If you are interested in working with internal components, I would parse the instruction to get the CPython bytecode to which it is bound. Using Python3:
»»» def test(): return 2**3 ...: »»» dis.dis(test) 2 0 LOAD_CONST 3 (8) 3 RETURN_VALUE
OK, so it seems that I did the calculation correctly as I entered and saved the result. You get exactly the same CPython bytecode for 2 * 2 * 2 (feel free to try). So, for expressions that are evaluated by a constant, you get the same result, and that doesn't matter.
What if you need the power of a variable?
Now you get two different bits of bytecode:
»»» def test(n): return n ** 3 »»» dis.dis(test) 2 0 LOAD_FAST 0 (n) 3 LOAD_CONST 1 (3) 6 BINARY_POWER 7 RETURN_VALUE
vs.
»»» def test(n): return n * 2 * 2 ....: »»» dis.dis(test) 2 0 LOAD_FAST 0 (n) 3 LOAD_CONST 1 (2) 6 BINARY_MULTIPLY 7 LOAD_CONST 1 (2) 10 BINARY_MULTIPLY 11 RETURN_VALUE
Now, of course, the BINARY_MULTIPLY question is faster than the BINARY_POWER operation?

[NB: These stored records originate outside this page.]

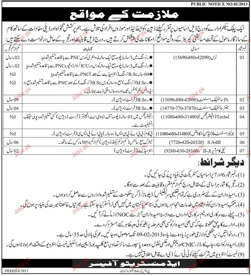 Apply as per details in job advertisement. Login to view further details of how to apply via https://www.jobz.pk online.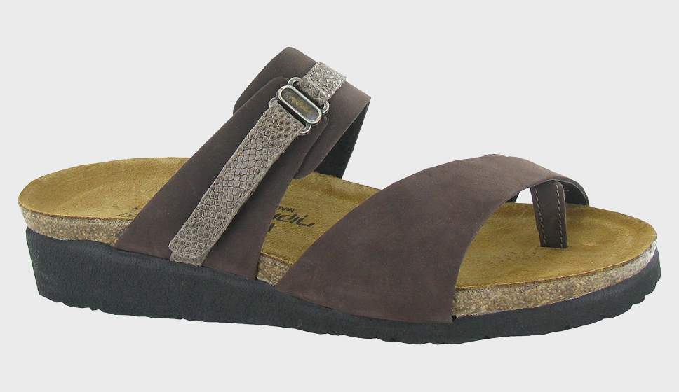 The Naot Jessica is a slide sandal with a hook & loop strap at the instep. This style has a toe loop which helps holds the foot in place when walking. Naot's anatomic cork & latex footbed is wrapped in a pampering suede and molds to the shape of the foot with wear.
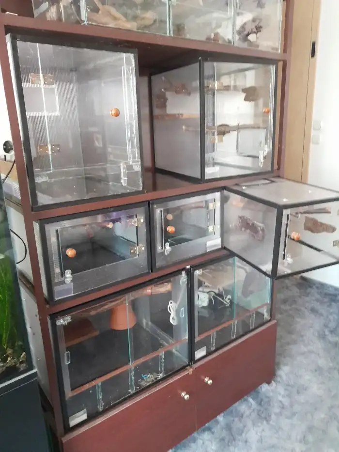 Prodám interiérovou bednovou klec. Materiál 22mm LPD buk. Rozměr: v. 1295mm, š.945mm, hl.595mm. Rozdělená na 1/2 klec a uschovný prostor. Výsuvný šuplík, vyklopné horní dveře plus spodní dva ks, víz.f...

The best way to try is to use timeit. I will use the magic of IPython %timeit . Here is the output for multiplication:
%timeit test(100) The slowest run took 15.52 times longer than the fastest. This could mean that an intermediate result is being cached 10000000 loops, best of 3: 163 ns per loop
and for power
The slowest run took 5.44 times longer than the fastest. This could mean that an intermediate result is being cached 1000000 loops, best of 3: 473 ns per loop
You might want to repeat this for typical inputs, but empirically it looks like multiplication is faster (but pay attention to the cited output variance clause).
If you need further internal functions, I would suggest delving into CPython code.